- _YOUR GOAL_
Go to the line holding "Powder Blue 3-Piece" in the entries below and write out exactly every line down to and including the line holding "American Eagle's sexually".

◇ ◇ ◇ ◇ ◇

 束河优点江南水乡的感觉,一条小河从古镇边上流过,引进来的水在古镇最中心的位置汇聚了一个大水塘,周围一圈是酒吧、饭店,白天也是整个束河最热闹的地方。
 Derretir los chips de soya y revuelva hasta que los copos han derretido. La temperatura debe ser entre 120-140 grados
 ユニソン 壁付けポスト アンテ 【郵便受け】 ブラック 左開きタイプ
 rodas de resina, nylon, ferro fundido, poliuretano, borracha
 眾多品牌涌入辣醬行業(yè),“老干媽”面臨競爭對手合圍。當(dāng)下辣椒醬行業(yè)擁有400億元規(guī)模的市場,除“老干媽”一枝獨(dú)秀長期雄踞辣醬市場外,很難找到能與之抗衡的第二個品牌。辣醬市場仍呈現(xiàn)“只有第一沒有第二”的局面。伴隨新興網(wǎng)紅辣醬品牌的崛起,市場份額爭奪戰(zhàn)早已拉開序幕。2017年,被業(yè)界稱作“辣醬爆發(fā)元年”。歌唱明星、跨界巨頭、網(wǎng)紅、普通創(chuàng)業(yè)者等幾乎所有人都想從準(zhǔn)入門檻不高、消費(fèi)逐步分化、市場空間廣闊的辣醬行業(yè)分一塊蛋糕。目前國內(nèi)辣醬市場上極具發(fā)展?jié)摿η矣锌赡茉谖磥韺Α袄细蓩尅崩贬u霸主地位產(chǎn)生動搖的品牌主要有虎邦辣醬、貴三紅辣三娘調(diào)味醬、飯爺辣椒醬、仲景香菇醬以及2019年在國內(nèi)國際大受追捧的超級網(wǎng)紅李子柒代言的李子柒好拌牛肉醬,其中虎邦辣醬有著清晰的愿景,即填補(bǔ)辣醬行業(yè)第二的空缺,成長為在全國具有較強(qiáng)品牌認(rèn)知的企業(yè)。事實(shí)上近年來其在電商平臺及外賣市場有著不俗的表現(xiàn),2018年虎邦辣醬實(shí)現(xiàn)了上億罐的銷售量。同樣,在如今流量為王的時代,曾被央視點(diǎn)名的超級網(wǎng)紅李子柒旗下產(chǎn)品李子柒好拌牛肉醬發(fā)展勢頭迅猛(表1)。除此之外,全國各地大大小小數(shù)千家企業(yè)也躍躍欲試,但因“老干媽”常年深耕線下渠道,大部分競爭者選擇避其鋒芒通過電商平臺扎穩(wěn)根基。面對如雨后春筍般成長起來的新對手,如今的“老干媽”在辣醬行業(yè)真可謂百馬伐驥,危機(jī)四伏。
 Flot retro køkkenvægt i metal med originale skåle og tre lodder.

◇ ◇ ◇ ◇ ◇

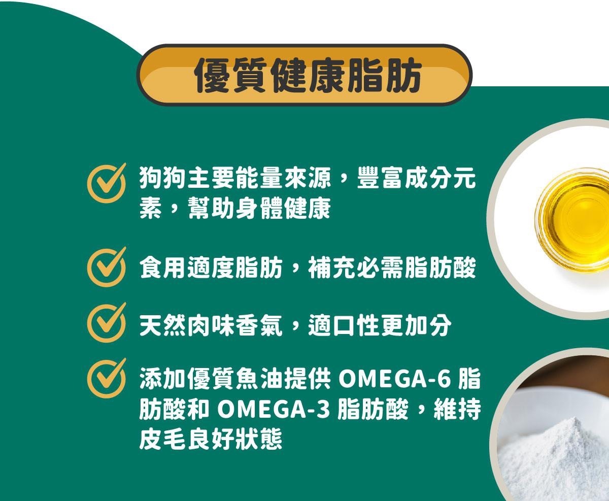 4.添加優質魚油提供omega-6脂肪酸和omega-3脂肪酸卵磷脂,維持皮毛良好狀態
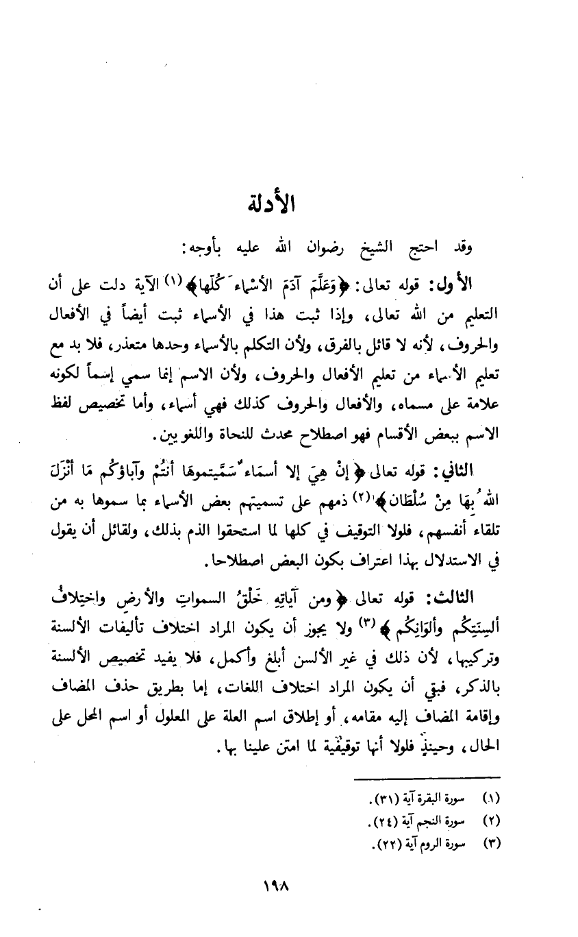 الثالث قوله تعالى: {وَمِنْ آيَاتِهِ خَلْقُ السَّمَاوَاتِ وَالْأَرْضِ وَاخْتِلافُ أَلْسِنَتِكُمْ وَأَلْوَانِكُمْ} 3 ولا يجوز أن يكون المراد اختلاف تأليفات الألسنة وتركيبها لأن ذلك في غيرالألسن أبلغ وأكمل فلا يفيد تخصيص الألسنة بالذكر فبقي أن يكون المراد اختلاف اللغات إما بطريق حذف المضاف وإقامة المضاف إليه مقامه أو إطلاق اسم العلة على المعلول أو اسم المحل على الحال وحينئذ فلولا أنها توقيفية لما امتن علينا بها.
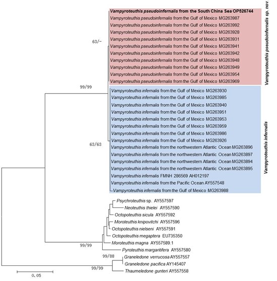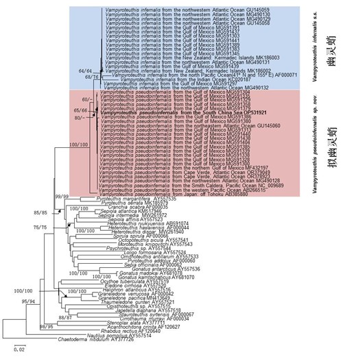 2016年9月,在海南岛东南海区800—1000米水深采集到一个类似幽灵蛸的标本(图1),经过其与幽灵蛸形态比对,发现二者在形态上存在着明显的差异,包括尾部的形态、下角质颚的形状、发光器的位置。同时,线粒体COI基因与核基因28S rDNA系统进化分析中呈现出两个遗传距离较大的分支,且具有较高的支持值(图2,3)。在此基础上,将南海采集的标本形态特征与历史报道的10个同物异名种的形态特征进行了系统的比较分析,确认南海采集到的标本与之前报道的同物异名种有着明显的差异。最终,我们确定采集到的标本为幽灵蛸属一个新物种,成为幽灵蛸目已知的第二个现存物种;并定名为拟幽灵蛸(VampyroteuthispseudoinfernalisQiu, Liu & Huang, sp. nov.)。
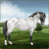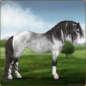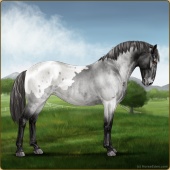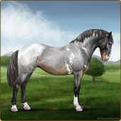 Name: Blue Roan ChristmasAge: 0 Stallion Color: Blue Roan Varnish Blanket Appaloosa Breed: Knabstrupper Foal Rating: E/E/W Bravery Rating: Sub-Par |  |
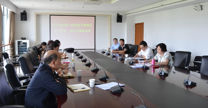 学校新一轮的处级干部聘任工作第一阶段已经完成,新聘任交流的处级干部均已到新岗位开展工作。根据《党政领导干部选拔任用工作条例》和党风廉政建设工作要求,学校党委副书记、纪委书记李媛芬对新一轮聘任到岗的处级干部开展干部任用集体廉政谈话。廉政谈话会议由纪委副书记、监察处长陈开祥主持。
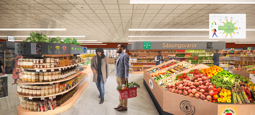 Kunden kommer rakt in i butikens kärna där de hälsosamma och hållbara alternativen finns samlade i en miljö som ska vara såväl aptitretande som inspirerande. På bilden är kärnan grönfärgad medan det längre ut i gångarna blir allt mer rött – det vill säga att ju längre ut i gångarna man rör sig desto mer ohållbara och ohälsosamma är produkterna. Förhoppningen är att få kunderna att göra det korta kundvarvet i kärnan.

◇ ◇ ◇ ◇ ◇

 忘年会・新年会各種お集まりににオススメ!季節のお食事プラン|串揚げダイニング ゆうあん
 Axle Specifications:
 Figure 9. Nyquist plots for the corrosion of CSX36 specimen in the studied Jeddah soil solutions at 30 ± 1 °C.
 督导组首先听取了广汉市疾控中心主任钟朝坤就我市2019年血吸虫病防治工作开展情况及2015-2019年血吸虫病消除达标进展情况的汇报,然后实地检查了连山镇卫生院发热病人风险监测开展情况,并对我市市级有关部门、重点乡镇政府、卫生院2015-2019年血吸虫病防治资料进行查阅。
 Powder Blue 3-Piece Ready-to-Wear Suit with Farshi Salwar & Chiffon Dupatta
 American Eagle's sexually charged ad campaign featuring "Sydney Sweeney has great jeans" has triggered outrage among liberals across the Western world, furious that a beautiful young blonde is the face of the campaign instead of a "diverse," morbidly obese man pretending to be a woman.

◇ ◇ ◇ ◇ ◇

- _THE COMPLETED TASK_
 Powder Blue 3-Piece Ready-to-Wear Suit with Farshi Salwar & Chiffon Dupatta
 American Eagle's sexually charged ad campaign featuring "Sydney Sweeney has great jeans" has triggered outrage among liberals across the Western world, furious that a beautiful young blonde is the face of the campaign instead of a "diverse," morbidly obese man pretending to be a woman.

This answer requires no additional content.